This scalar, 3, is precisely the size of the projection of the vector $z$ to the direction of $b_1$. In a similar way we can compute the projections to $b_2$ and $b_3$.
13.3.4 Principal Components and Eigenvectors¶
Often, when we look for a dimensionality reduction for a data matrix $X$, we look for an alternative basis representation for $X$, with fewer basis vectors. In the principal component analysis (PCA) method, an alternative basis is obtained by computing the eigenvectors of the covariance matrix $C = X^T X$. This matrix $C$ is special, because it has an obvious product form, which among other things means that it is symmetric (i.e. $C_{ij} = C_{ji}$). Because $C$ has this special form, the eigenvalues are all positive, and more importantly, the eigenvectors are all orthogonal to each other.

In the figure above, the two eigenvectors are orthogonal to each other, and so we can view them as alternative axes, that are essentially a transformation (in space) of the two standard axes.
As a simple example, suppose then that we have a 3D matrix $Z$, and that we have its three eigenvectors $e_1,e_2,e_3$, sorted in decreasing order of their eigenvalues (that is, with largest eigenvalues first). We know that any vector $z$ can be expressed in terms of $e_1$, $e_2$ and $e_3$ as a basis:
$$ z = \alpha_1 e_1 + \alpha_2 e_2 + \alpha_3 e_3 \, . $$
These constants $\alpha_1,\alpha_2,\alpha_3$ are the vector's coordinates in the alternative system of axes. The new basis vectors, these eigenvectors of $Z$, are referred to the principal components. The components are ordered, with the first principle component being the eigenvector with the largest eigenvalue.
While we still have $z$ expressed in its original coordinates, we can easily find its coordinates in the new system. For example we can find $\alpha_1$ as follows:
$$ e_1^T z = e_1^T (\alpha_1 e_1 + \alpha_2 e_2 + \alpha_3 e_3 ) = \alpha_1 e_1^T e_1 + \alpha_2 e_1^T e_2 + \alpha_3 e_1^T e_3 = 1\alpha_1 + 0\alpha_2 + 0\alpha_3 = \alpha_1 \, $$ or more generally, $$\alpha_i = e_i^T z \, .$$ Here we used again the fact that $e_1$, $e_2$, and $e_3$ form an orthogonal basis.
So, $\alpha_i = e_i^Tz = z^Te_i$ is exactly the size of the projection of $z$ onto the direction of principal component vector $e_i$.
Suppose now we make an $n \times 1$ vector $\alpha$ with all the projections of our data points onto the vector $e_i$, i.e.

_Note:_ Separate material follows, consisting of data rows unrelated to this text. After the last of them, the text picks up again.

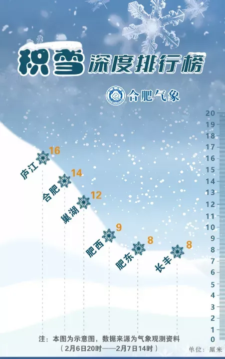 7日11-14时,降雪量2-6毫米;积雪深度(厘米):合肥14,肥东8,肥西9,长丰8,庐江16,巢湖12。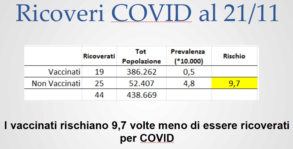 I numeri parlano chiaro. La situazione dei ricoveri nell’Ulss 8 dimostra la netta prevalenza di rischio di ricovero nei soggetti non vaccinati. Numeri chiari che comunque, purtroppo, da una fetta di popolazione non verranno compresi. Chi non è vaccinato rischia quasi 10 volte di più il ricovero rispetto a chi è vaccinato. Non solo. L’età media dei ricoverati in terapia intensiva è inferiore ai 60 anni (vedi le tabelle sotto). I dati sono stati presentati stamane nel corso di una conferenza stampa in Ulss 8 Berica dal direttore generale Maria Giuseppina Bonavina e dalla dottoressa Maria Teresa Padovan, direttore del Servizio di Igiene e Sanità Pubblica dell’Ulss 8 Berica.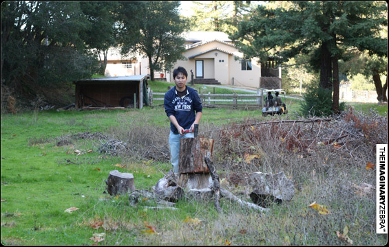 Cody’s uncle, Michael, brought us to the back of the house with a few axes.
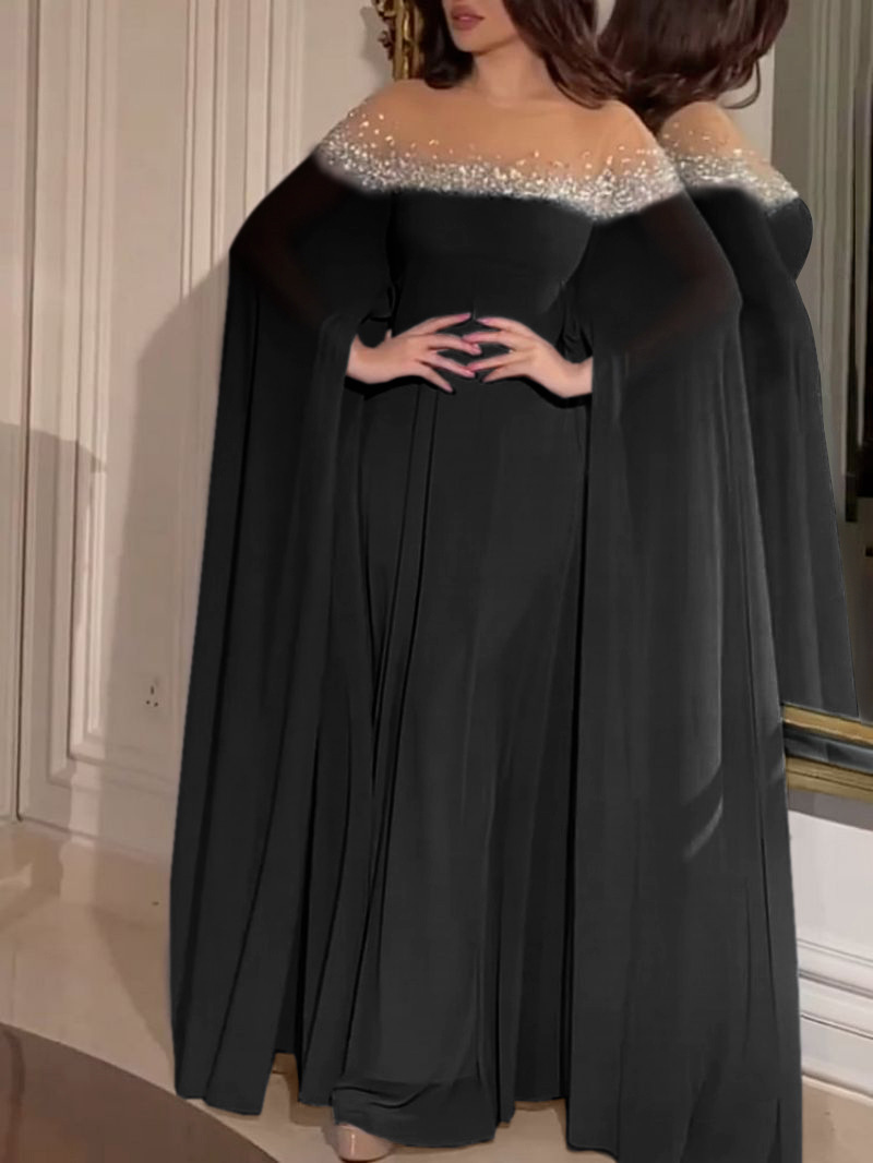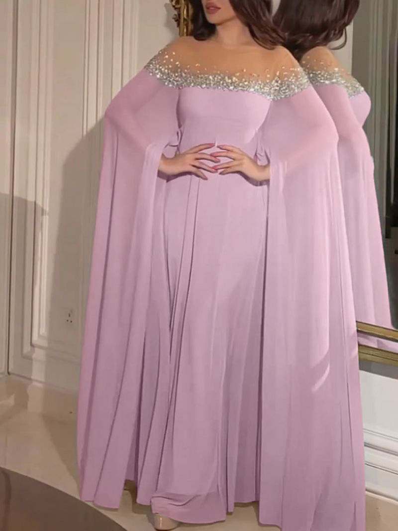 Women's Clothing Temperament Sexy High Waist Hot Diamond Pearl Chiffon Banquet Evening Dress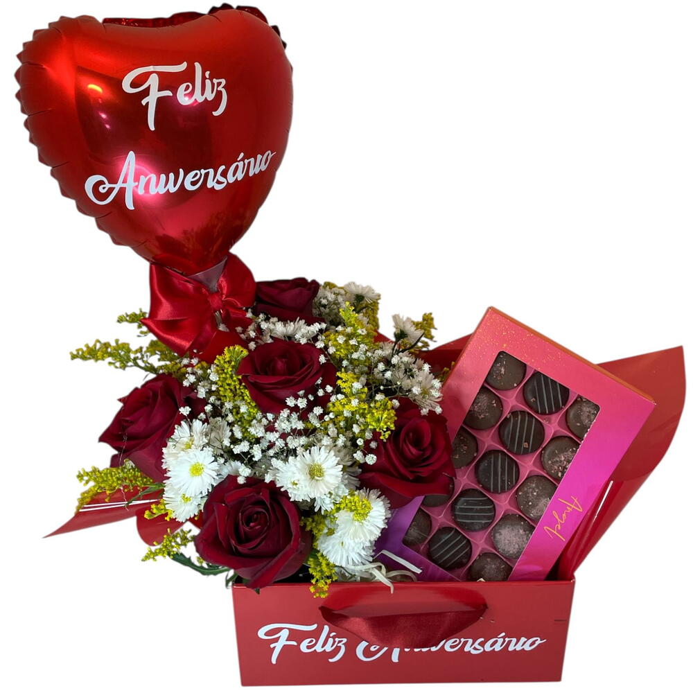 Cesta de aniversário com balão, para presentear em uma data muito especial, comemorar o aniversário com flores e chocolates para ser uma data inesquecível. Esta composição inclui: Arranjo de cinco rosas e demais flores de complemento Balão metalizado 22cm aprox Caixa Angel Caixa com tema Feliz aniversário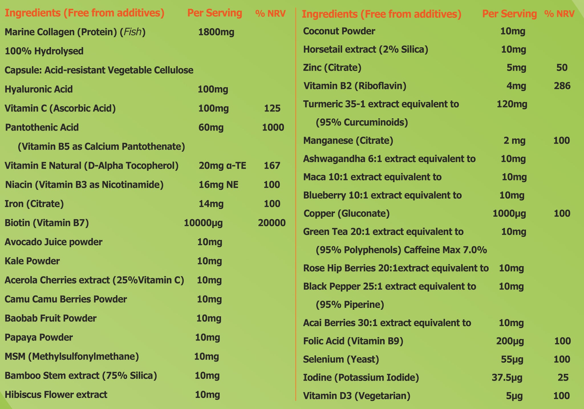 Marine Collagen, Hyaluronic Acid & Biotin Complex gluten free, halal, kosher and non-GMO.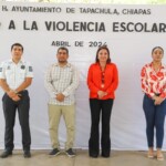 Estudiantes del Colegio de Bachilleres de Chiapas (COBACH) plantel 08, participaron en las conferencias “No a la Violencia Escolar”, impartidas por el Ayuntamiento de Tapachula a través de la Secretaría de Juventud y Deporte y la Coordinación de Prevención del Delito de la Secretaría de Seguridad Pública y Protección Ciudadana Municipal (SSPyPCM).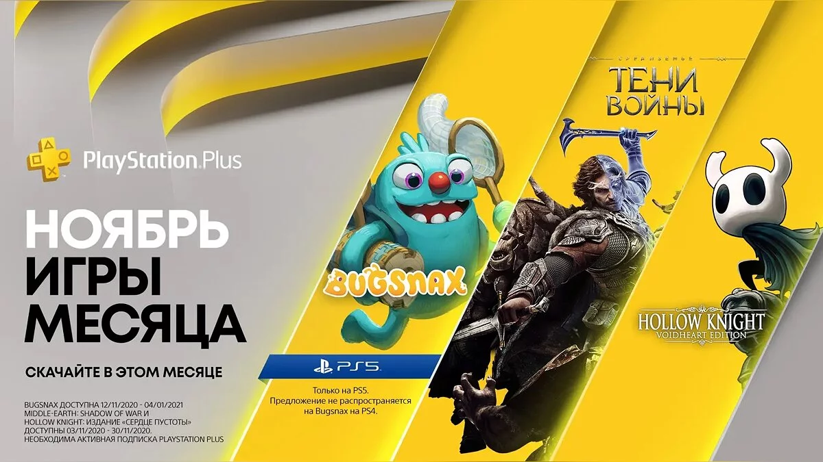 Sony только что объявила ноябрьскую линейку игр PS Plus. В следующем месяце подписчики сервиса бесплатно получат Middle-earth: Shadow of War и Hollow Knight: Voidheart Edition для PlayStation 4, а также первый тайтл для PlayStation 5 — адвенчуру Bugsnax.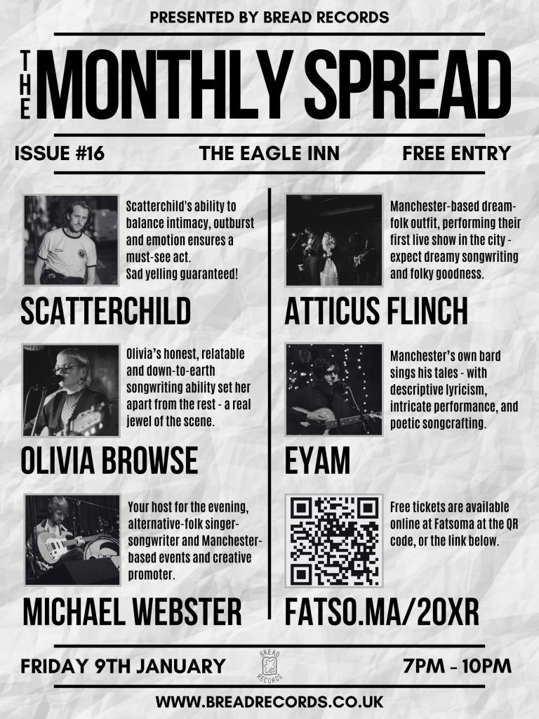 we’ve got a superb one in store, with an all-Bread lineup including Scatterchild, Atticus Flinch, Olivia Browse, Eyam and michael webster – sadly Narwhals can’t make this one due to illness. ![]()
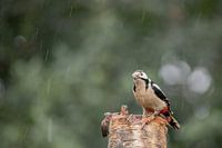 Grote bonte specht in een regenbuitje in Delden, Overijssel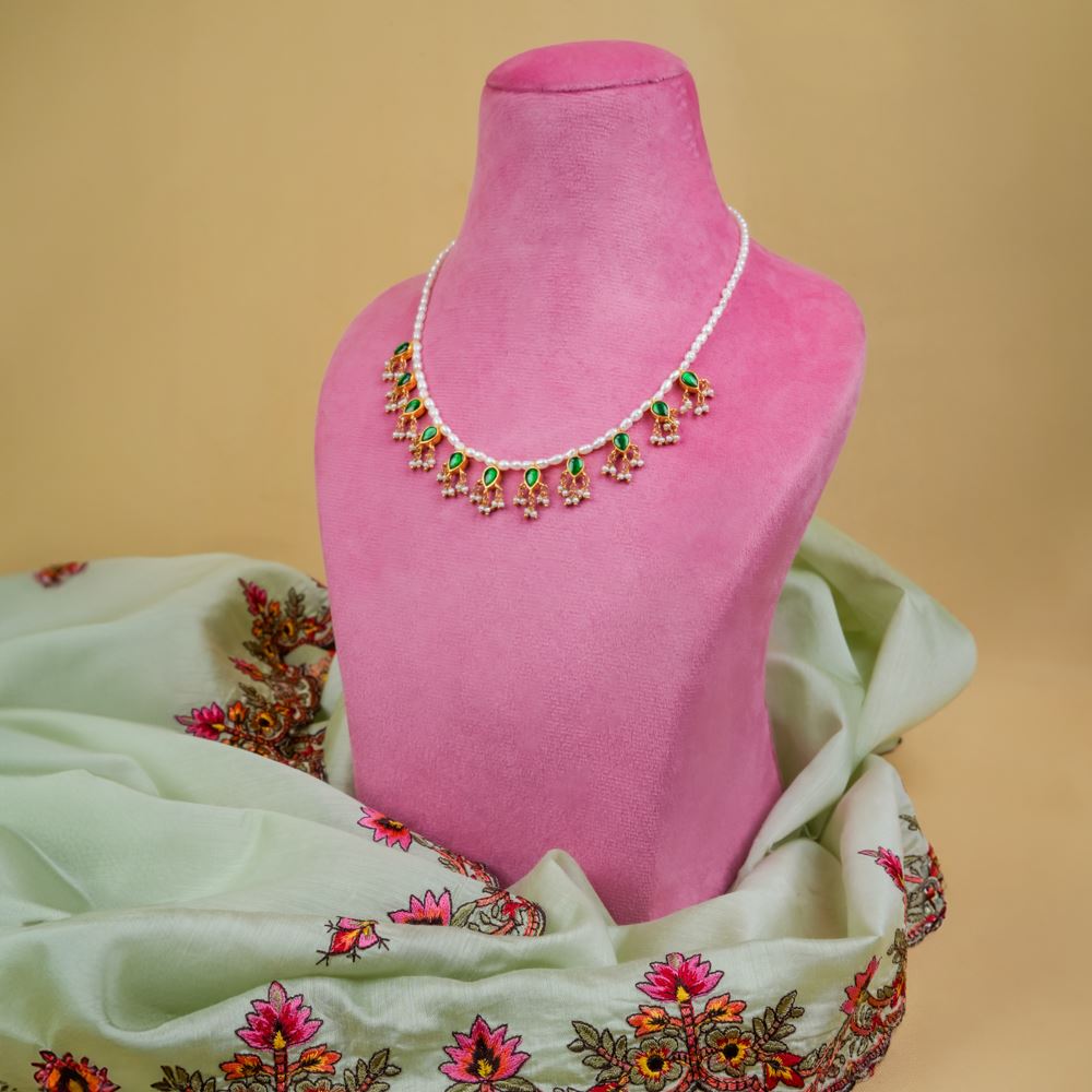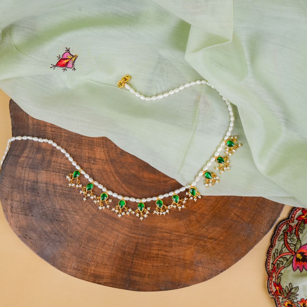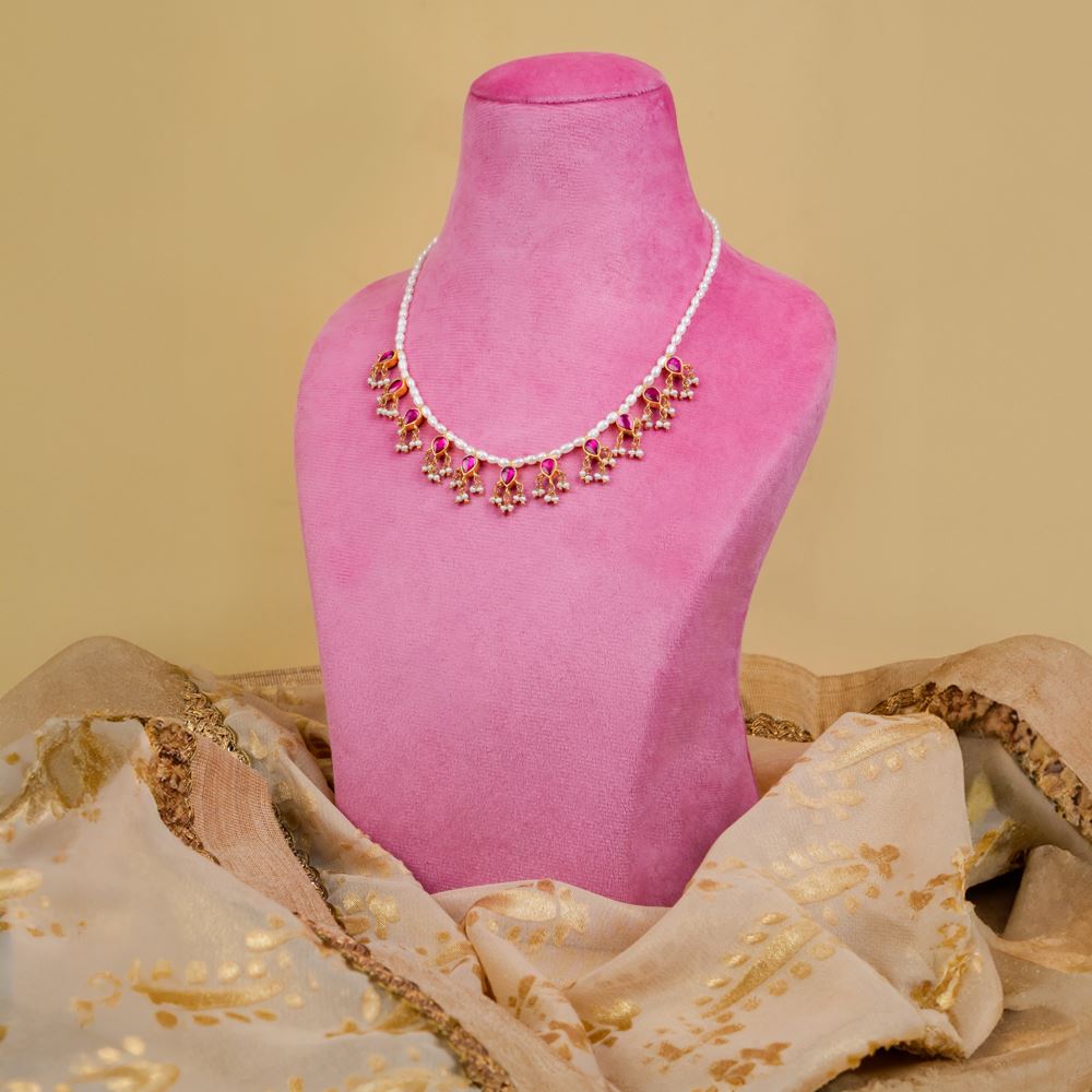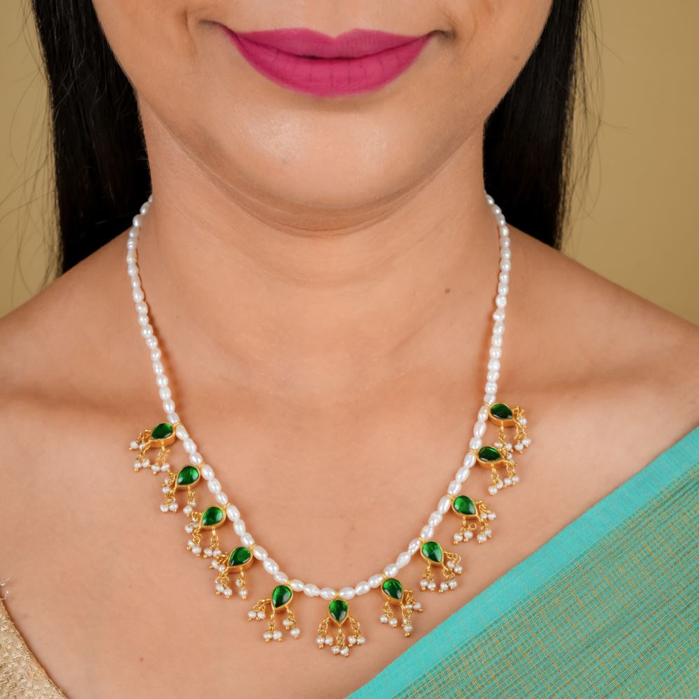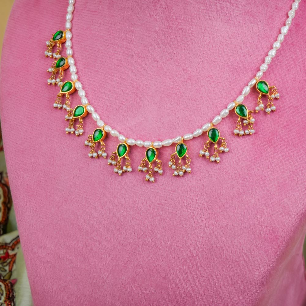 Stones: Rice pearls, Freshwater cultured pearls, Kundan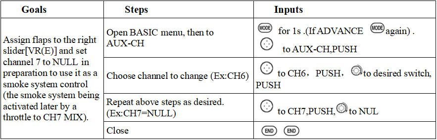 KNOB C | CH7 (disabled if AIL-DIFF on) | CH7 | HI/LO-PIT | CH7 |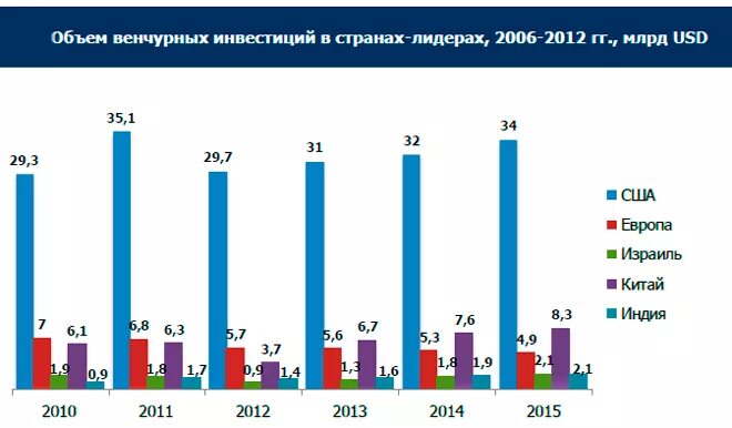 Вот объём венчурных инвестиций стран мира, где мы видим что инвестиции Китая в 4 раза меньше чем США, при этом ВВП на душу Китая ниже только в 3.3. А значит на душу населения венчурных инвестиций в процентах от ВВП в Китае меньше чем в США под мудрым руководством Компартии. А значит мудрая компартия и сама меньше чем в США вкладывает в ниокр относительно бизнеса и бизнес не может или не хочет стимулировать делать венчурные инвестиции.
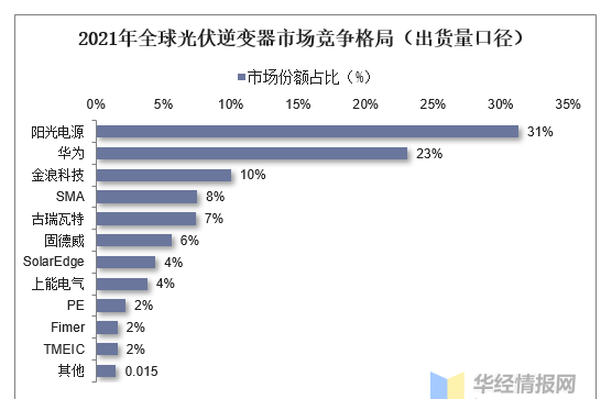 就光伏逆變器市場競爭格局而言,2021年全球逆變器出貨量排名前10的廠商中,中國企業(yè)占了6家,分別是華為、陽光電源、古瑞瓦特、錦浪科技、上能電氣和固德威。其中,陽光電源以31.3%的市占率排名第一,行業(yè)集中度進(jìn)一步提升,占比市場份額持續(xù)提升。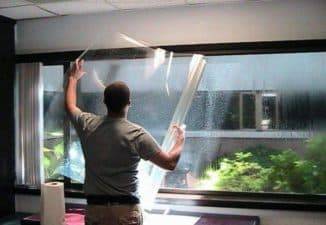 Процесс монтажа пленки несложный, но требует аккуратности, ведь важно наклеить ее ровно, без пузырьков, металлизированной стороной наружу. Лучше всего работать в перчатках, чтобы не оставить на поверхности жирных следов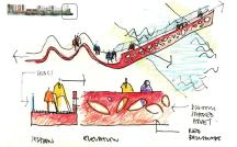 景觀的設(shè)計(jì)是通過(guò)分層的四個(gè)不同的區(qū)域來(lái)加強(qiáng)濱水體驗(yàn)的創(chuàng)造,并首次實(shí)現(xiàn)了對(duì)河流的可達(dá)性。這些線性區(qū)域采用了抽象的河岸形態(tài),沿河岸分布著草坪、咖啡館、體育公園和活動(dòng)廣場(chǎng)的創(chuàng)新活動(dòng)區(qū)域。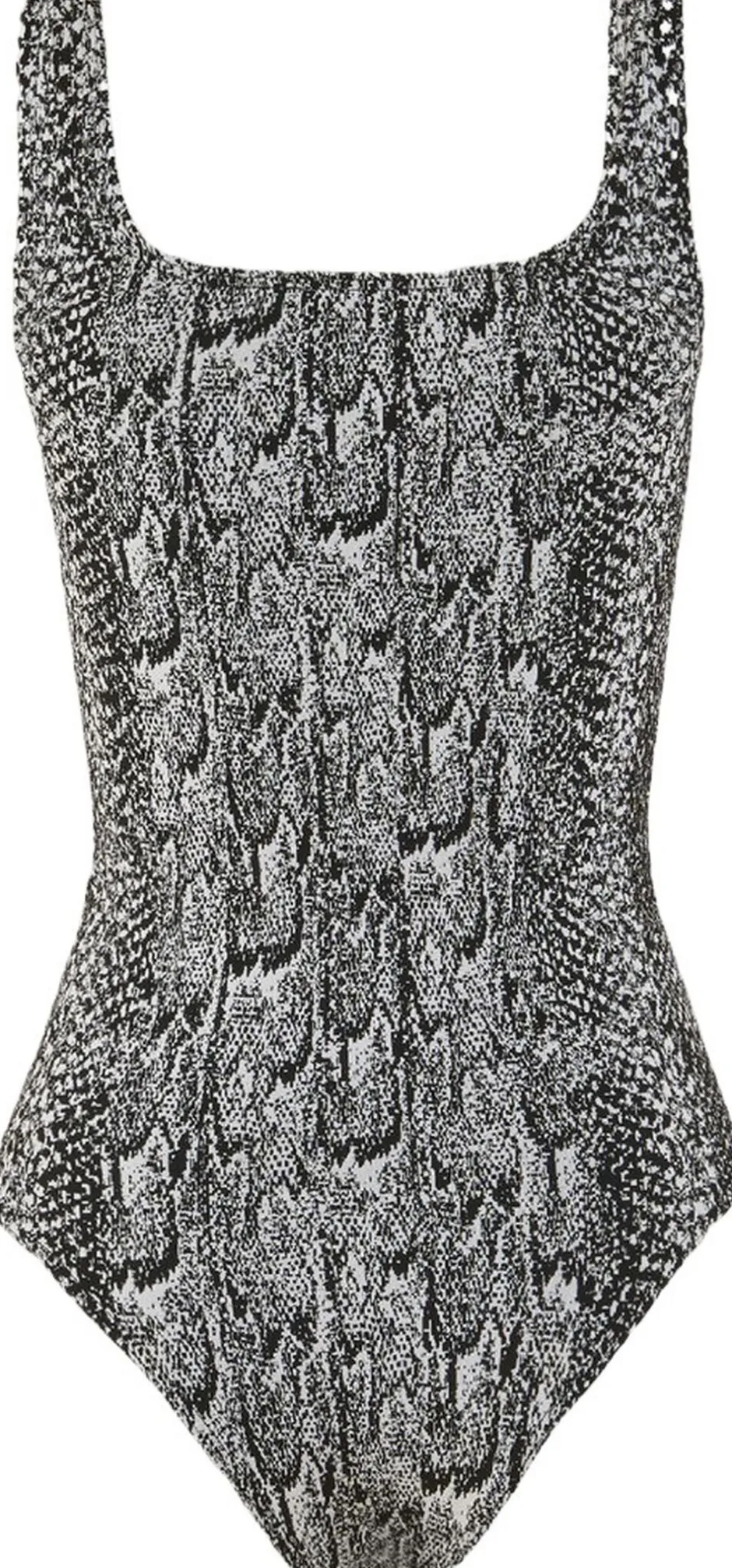 Denne bodysuit uden ærmer har et monokromt pythonmotiv, der ikke går glip afde matchende leggings fra kollektionen. Den balancerer kreativitet og innovation og er fremstillet af bæredygtigt farvet Emana-garn – en revolutionerende fiber, der absorberer varme fra Krop og returnerer den som infra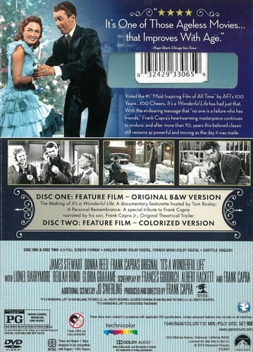 Frank Capra’s perennial holiday classic is one of the most beloved films of all time and the quintessential "Capraesque" comedy/drama. James Stewart is Bedford Falls banker George Bailey, who is driven by circumstances one Christmas Eve to consider suicide, only to be shown by neophyte angel Clarence Odbody (Henry Travers) what a difference his life has made. Tremendous supporting cast includes Donna Reed, Thomas Mitchell, Lionel Barrymore, Ward Bond, Beulah Bondi. Includes both the original B&W and newly colorized versions. 130 min. Standard; Soundtracks: English Dolby Digital mono, French Dolby Digital mono; Subtitles: English; featurette; theatrical trailers. Two-disc set.

$$ \alpha^{(i)} = \left( \begin{array}{c} a_1 \\ a_2 \\ \vdots \\ a_n \end{array} \right) $$
Then, we can express all projections succinctly, as
$$ \alpha^{(i)} = X e_i \, . $$
13.4 Principal Component Analysis (PCA) ⬤ ¶
Now that we have been introduced to eigenvectors and some of their properties, we are now ready to describe a strategy for dimensionality reduction, whereby we generate a transform of a dataset $X$ to some lower-dimensional setting. The PCA strategy involves creating a new basis for the data representation of $X$, in a space with fewer basis vectors than that of the original representation.
13.4.1 Method 1¶
13.4.1.1 Preparation of a Covariance Matrix¶
The purpose of PCA in our context is to help us reduce the dimension of the data. We initially said that when we have attributes that are identical, or highly correlated/anti-correlated, then it makes sense to eliminate one of the two. In order to be more precise with these 'comparisons' among attributes, we would like to deal with them on an equal footing, which is why we standardize the data first:
- We subtract the attribute mean from each of its attributes, so that the mean of each attribute becomes zero.
- We then divide each attribute value by the attribute standard deviation.
- After standardization, for the vector of all values of any given attribute, the norm would be $\sqrt{n}$ (or $\sqrt{n-1}$, if sample-based standardization is used).
After standardizing, we can divide every attribute by $\sqrt{n}$ (or $\sqrt{n-1}$). This scaling operation is strictly speaking not required, but it does make the norm of the vectors of attributes equal to 1. Any subsequent calculations involving these vectors would then be simpler and more numerically stable.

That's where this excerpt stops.